Assessing the effectiveness of telephoning positive FOBT patients prior to their colonoscopy on quality of the bowel preparation: a randomized controlled trial
Introduction: A good bowel preparation is critical for a successful high-quality colonoscopy. The consequences of poor bowel preparation include missed lesions and the need for a repeat colonoscopy at additional cost to the health care system. Factors affecting the quality of bowel preparation include patient factors (age, sex, comorbidity, language barrier) and type of bowel preparation.
Aim: We conducted a double blind randomized controlled trial to assess the effectiveness of a dedicated endoscopy nurse telephoning patients 3 days before their colonoscopy on the quality of bowel preparation assessed using the Boston Bowel Prep Score (BBPS). Secondary measures included patient satisfaction and the type of frequently asked questions during the intervention.
Methods: Participants were prospectively recruited from gastroenterology outpatient clinics based on positive FOBT test results. After obtaining written informed consent, participants were stratified by sex and randomized into 1:1 intervention or control cohorts. A calibration training session on the use of BBPS with all proceduralists took place prior to the study in order to standardize scoring. Inadequate bowel preparation requiring a repeat colonoscopy is indicated by any BBPS sub-score ≤1 out of 3 or a total score ≤ 5 out of 9. Basic demographic details, previous colonoscopy experience, language background, assistance at home, endoscopy location, and timing of the endoscopy session were recorded. The result was analyzed descriptively. The study was approved by the relevant Human Research Ethics Committee and funded by the NSW Cancer Institute.

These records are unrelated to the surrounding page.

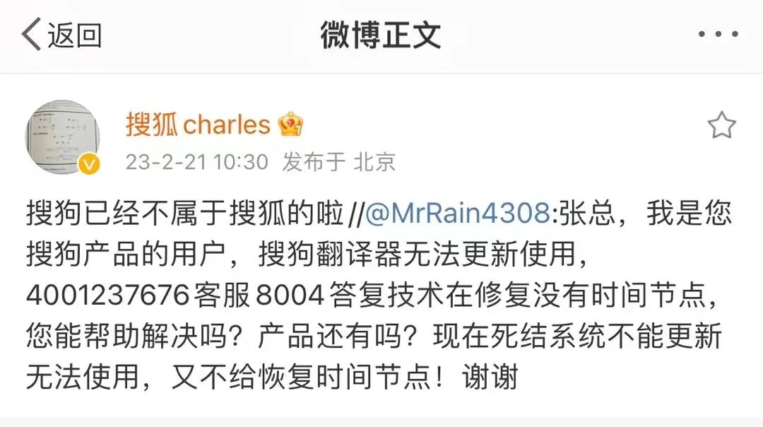 当然,这或许与搜狐已经卖掉搜狗、不再涉及搜索引擎业务有关。就在昨日,张朝阳还在微博上回应网友称“搜狗已经不属于搜狐的啦”。
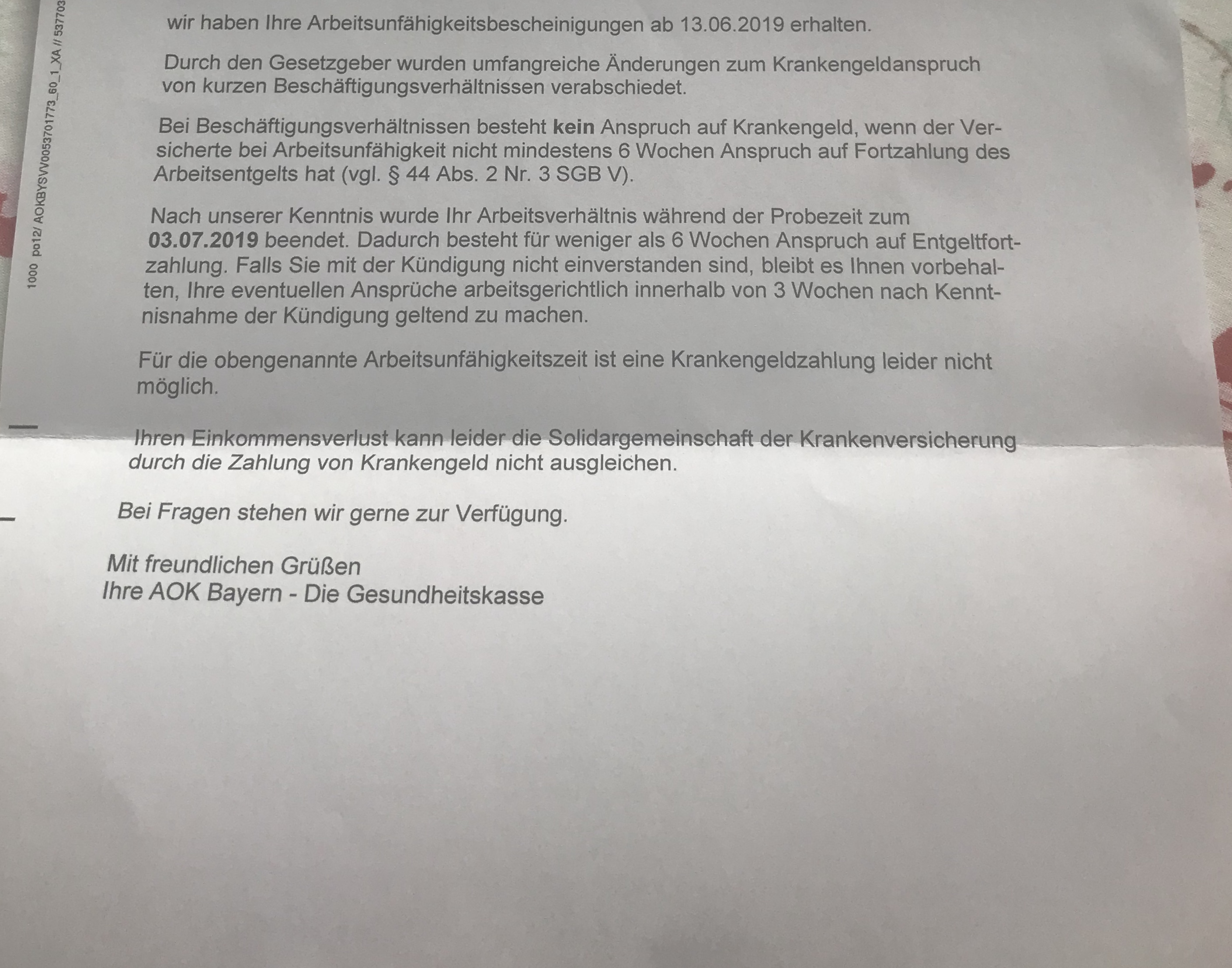 Krankengeld Abgelehnt Obwohl Ich Gekundigt Worden Bin In Der Probezeit Wegen Einer Knieverletzung Recht Arbeit Kundigungsfrist
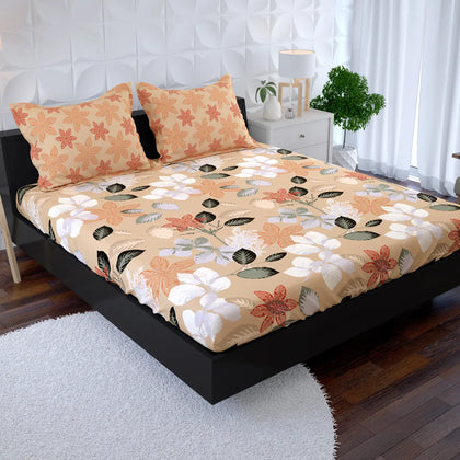 Brighten your bedroom with the cheerful style of the Xara Fitted Bed Sheet Set in Yellow Leaf Geometric Pattern. The center of the sheet features a vibrant mix of yellow and aqua-blue foliage against a light yellow background, creating a fresh, sunlit look. This organic motif is beautifully contrasted by a bold, geometric border of horizontal stripes and structured medallions in rich mustard and cool blue tones.Crafted from a soft and breathable cotton blended fabric, this set offers superior comfort and easy care, ensuring a luxurious and fuss-free addition to your linen closet. The fitted design ensures a snug, wrinkle-free fit that stays perfectly in place on your mattress. Finished with coordinating striped pillow covers, this set seamlessly blends natural inspiration with modern, defined structure.
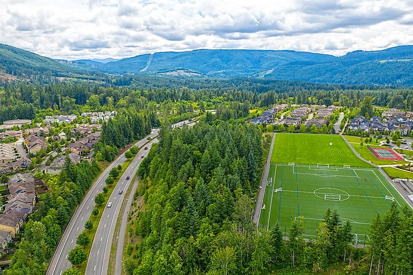 Luftaufnahme von Snoqualmie, Washington.

Results: Of 345 eligible patients, 305 were randomized - 141 control and 138 treatment patients who completed the study. Poor bowel preparation requiring a repeat colonoscopy was noted in 9.2% of the control group and 8.7% of the treatment group, a non-significant result (P > 0.05). Interestingly, better bowel preparation was noted in the colonoscopy naïve participants (8.5% v 15.2%) and those in the afternoon session (5.9% vs 11.9%). No statistical significance in bowel preparation quality was found between the variables age, sex, country of birth, language at home, use of interpreter and assistance at home.
Conclusions: Having a dedicated nurse telephoning the participants 3 days prior to their colonoscopy to clarify any bowel preparation questions did not significantly reduce the proportion of positive FOBT patients with inadequate preparation.